Elle a déclaré que la loi ghanéenne sur la cybersécurité était parfaitement conforme à la norme 5 des normes mondiales en matière de cybersécurité, qui traite de la protection des droits de l’homme et de la vie privée.
Elle a rallié l’Autorité de cybersécurité et la communauté de la société civile avec des recommandations, y compris le renforcement des capacités des services de sécurité, du corps législatif et du pouvoir judiciaire sur la loi sur la cybersécurité, les normes mondiales en matière de cybernétique et leur rôle dans la protection des droits de l’homme sur l’internet.
Les recommandations proposées par la MFWA comprennent également l’intensification des mesures de sensibilisation à la cybercriminalité et à la cybersécurité, des interventions de formation à la culture numérique sur l’utilisation des plateformes de paiement numérique, l’instauration d’un régime des droits de l’homme avant l’importation et l’utilisation des technologies de surveillance. La MFWA a également suggéré un engagement continu dans les processus de cybersécurité de l’ONU et un engagement significatif des parties prenantes : partage d’informations en temps opportun, transparence, responsabilité et engagement des parties prenantes.
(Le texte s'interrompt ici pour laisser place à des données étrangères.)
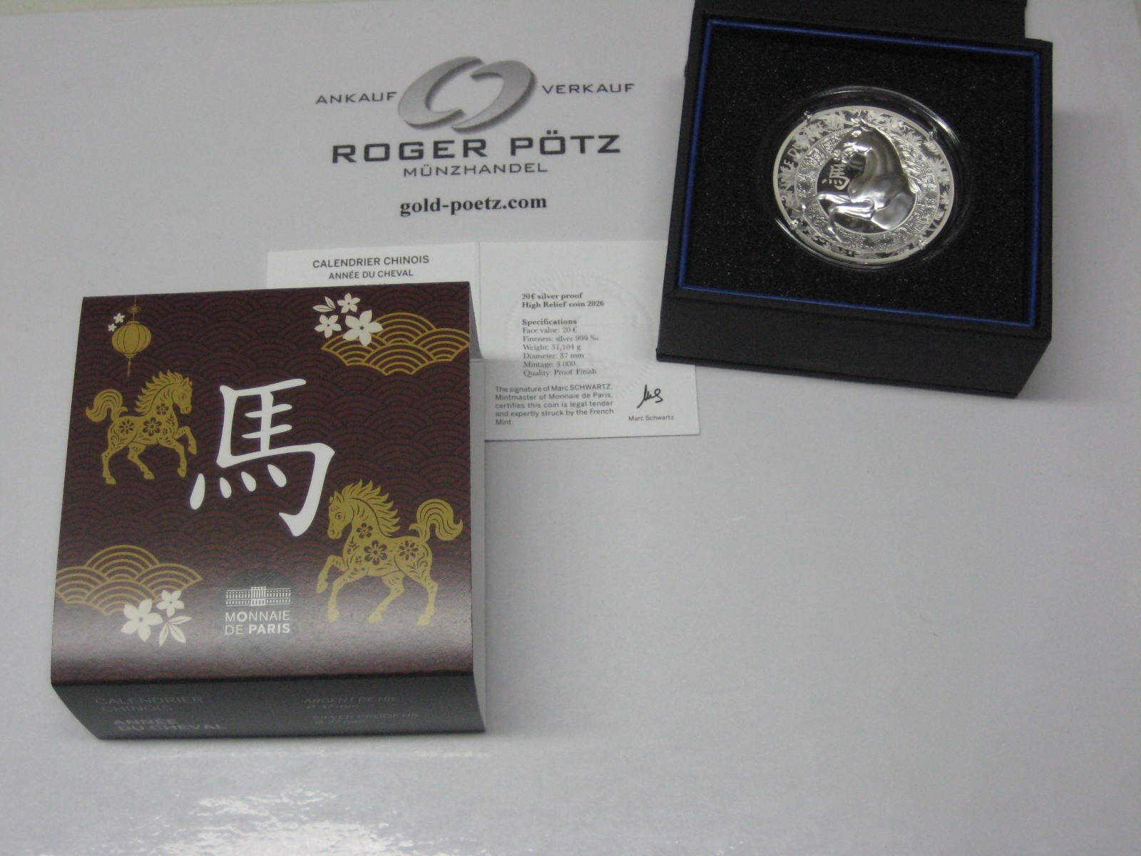 20 Euro Jahr des Pferdes Silber 1 oz HR PP 2026 Frankreich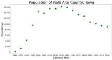 Palo Alto County is a county located in the U.S. state of Iowa. As of the 2020 census, the population was 8,996.[1] The county seat is Emmetsburg.[2] It is named after the Battle of Palo Alto, the first major battle of the Mexican–American War.[3]
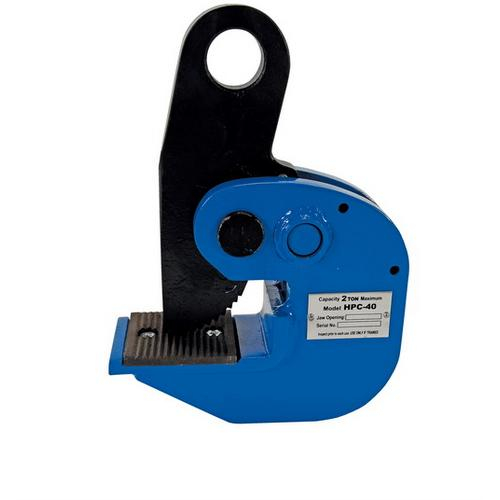 The Horizontal Plate Clamp is designed for lifting plate material in horizontal position. Heavy-duty steel construction for years of reliable use. Lift only one (1) clean and oil free plate at a time. Not designed to use on stainless steel or aluminum plates. For use with materials with a surface hardness to 30 RC (300 HB).

Dans son allocution inaugurale, Muheeb Saeed, responsable du programme de liberté d’expression de la MFWA, a déclaré que le forum était devenu « indispensable parce que les rapports montrent que les cyberattaques font des ravages dans les infrastructures nationales clés, y compris celles des entreprises de technologie et de télécommunications et des institutions financières qui nous facilitent la vie à tous ».
Le coût de la cybercriminalité
Selon les statistiques de Cybersecurity Ventures, les dommages causés par la cybercriminalité s’élèveront à 6 000 milliards de dollars américains dans le monde en 2021. Ce montant représente deux fois le PIB de tous les pays africains réunis.
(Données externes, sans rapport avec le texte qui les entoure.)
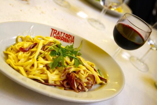 Tra i primi la trattoria propone una scelta ampia di tortelli, cappelletti e gnocchi. Grandissima richiesta ha il Tris di tortelli. Tre colori diversi per tre ripieni speciali: erbette, zucca e ricotta e spinaci. Conditi con burro e parmigiano sono serviti come un tricolore e sono un tripudio di freschezza, originalità e semplicità insieme. Assolutamente da provare! E una volta servito il piatto di ravioli potrete spolverarlo di parmigiano grattugiato direttamente da un originalissimo porta formaggio, una piccola e fedele riproduzione di una piccola forma di parmigiano in ceramica.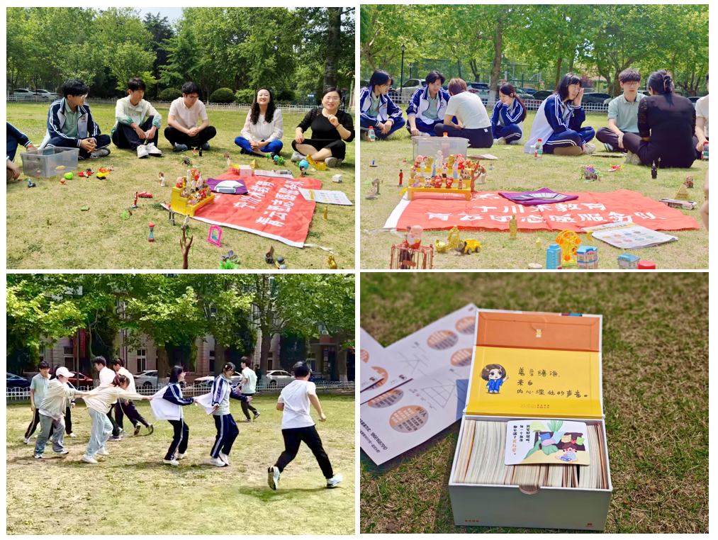 童年暗号:玩具重构成长隐喻。活动从阳光草坪上的自由创作拉开序幕。参与者围坐于草坪,利用积木、绿植等道具搭建充满想象力的微缩世界。看似简单的玩具组合,实则映射出内心的情感与成长轨迹。通过搭建城堡、小人等场景,学生们在童趣中完成了一次自我隐喻的表达,重拾纯真体验,为后续心理探索奠定温暖基调。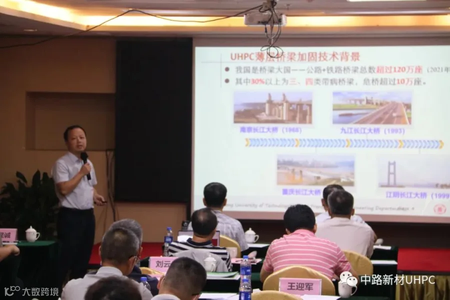 广东工业大学道桥与交通运输系副主任贺绍华作了“基于 UHPC 薄层的既有桥梁加固关键技术”的报告,从 UHPC加固技术在桥梁领域的应用现状、加固设计规范、UHPC-NC界面黏结力学性能等方面对 UHPC 加固技术作了介绍。
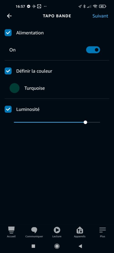 Les fonctionnalités depuis l’application restent en partie similaire à celles décrites déjà dans le test du ruban Tapo L900. Nous ne les reprenons pas en détail. Pour rappel, il est possible via l’application :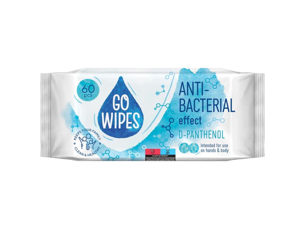 Vlhčené obrúsky GoWipes antibakteriálne s vitamínovým komplexom (A,C,E a D-panthenol) 60ks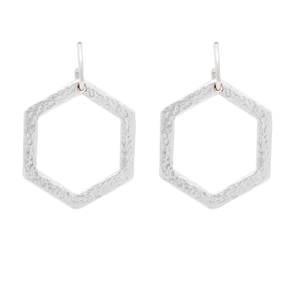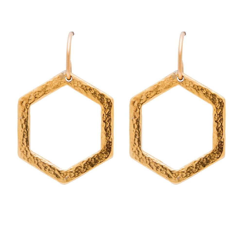 Luxe 24K gold and sterling silver plate is shaped into hexagonal motifs, creating a distinctive minimalist appeal. The mixture of shapes and textures turn this classic style into a modern statement.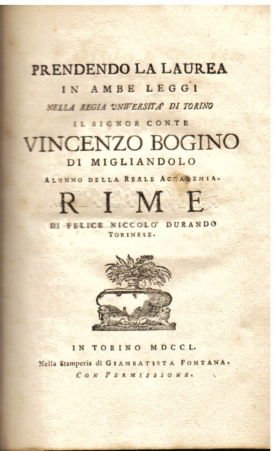 Prendendo la laurea in ambo le leggi il Conte Vincenzo Bogino . [2] Petro Josepho Graneri DD Mauritii et Lazari equiti Commendatario Juris utrisque Laurea Donato . [3] Prendendo la laurea in ambo le leggi il Marchese Gioseffo Casimiro Caissotti . [4] Prendendo la laurea in ambo le leggi il Marchese Carlo Ottaviano Massimigliano Alfieri.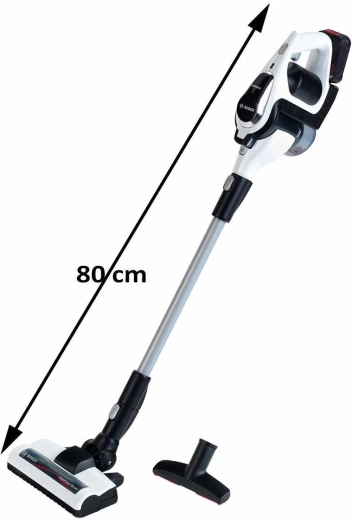 Част от комплекта са отворяем контейнер за „замърсявания“ за лесно изсипване, широка подова четка с въртящ се валяк и тесен накрайник за детайлно почистване. Пръчката може лесно да се свали и прахосмукачката да се използва като компактна ръчна единица – идеална за трохи и бързо почистване по време на игра.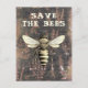 Gran ilustracion de una abeja sobre fondo de escritura manuscrita antigua invertida con un gran mensaje "Salven las abejas" y algunas hierbas en tonos sepia monocromáticos perfectos para abejas y amantes de la naturaleza, apicultor. El Día Mundial de la Abeja se celebra el 20 de mayo de cada año para llamar la atención sobre el papel esencial que desempeñan las abejas y otros polinizadores para mantener sanos a las personas y al planeta.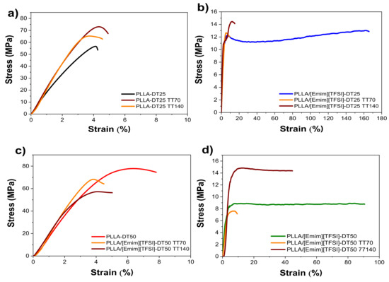 Stress vs. strain curves of PLLA and PLLA/[Emim][TFSI] films dried at 25 °C (a and b) and 50 °C (c and d), for samples subjected to post-thermal treatment at 70 and 140 °C.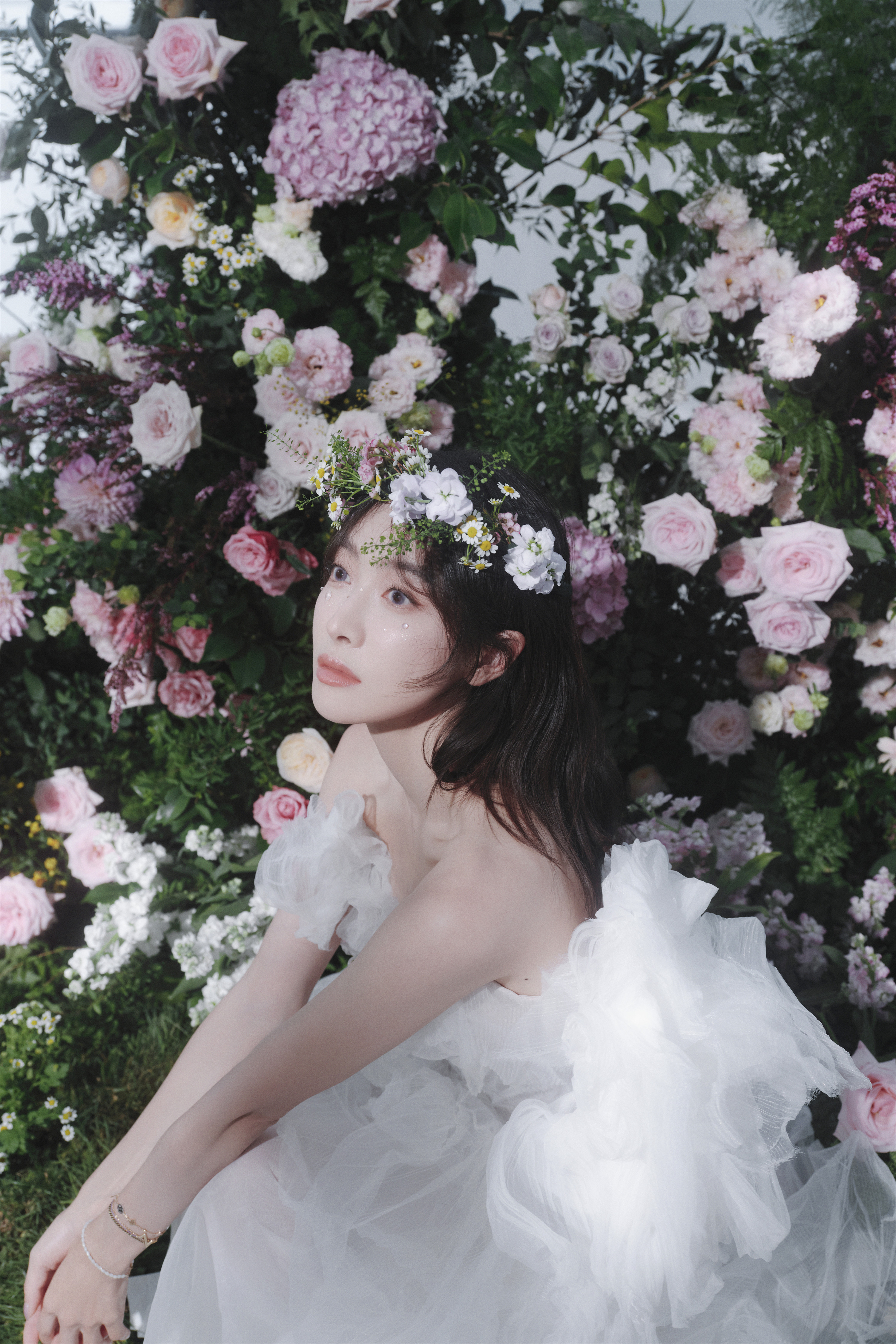 宋茜:洁白婚纱,梦幻花园,优雅绽放

Muheeb Saeed a également abordé la question de la restriction de la liberté d’expression avec l’adoption de telles lois dans d’autres juridictions.
« Sous couvert de lutte contre la cybercriminalité, certaines juridictions autocratiques ont adopté des lois répressives. Dans certains cas, les gouvernements ont recours à la coupure d’Internet, au filtrage de contenu, au filtrage de certaines URL et, dans certains cas extrêmes, au blocage d’adresses IP sous prétexte de protéger la cybersécurité ».
L’autre composante du débat sur la cybersécurité est la nécessité de faire participer toutes les parties prenantes aux processus afin qu’elles apportent leur contribution à une mise en œuvre efficace tout en veillant à ce que les droits de l’homme ne soient pas compromis.
Lors du panel de discussion, Awo Amenya, directeur exécutif de Child Online Africa, a appelé à une meilleure collaboration entre les OSC pour façonner la mise en œuvre de la loi afin d’atteindre un public beaucoup plus large.
Le Parlement ghanéen a ratifié la Convention de l’Union africaine sur la cybersécurité et la protection des données personnelles (Convention de Malabo) et la Convention sur la cybercriminalité (Convention de Budapest) en 2018 et 2019 respectivement. Ces lois exigent que le pays mette en place des mécanismes appropriés pour la gouvernance de la cybersécurité, qu’il lutte contre la cybercriminalité, qu’il promeuve la cybersécurité et qu’il facilite la coopération nationale et internationale dans la lutte contre la cybercriminalité.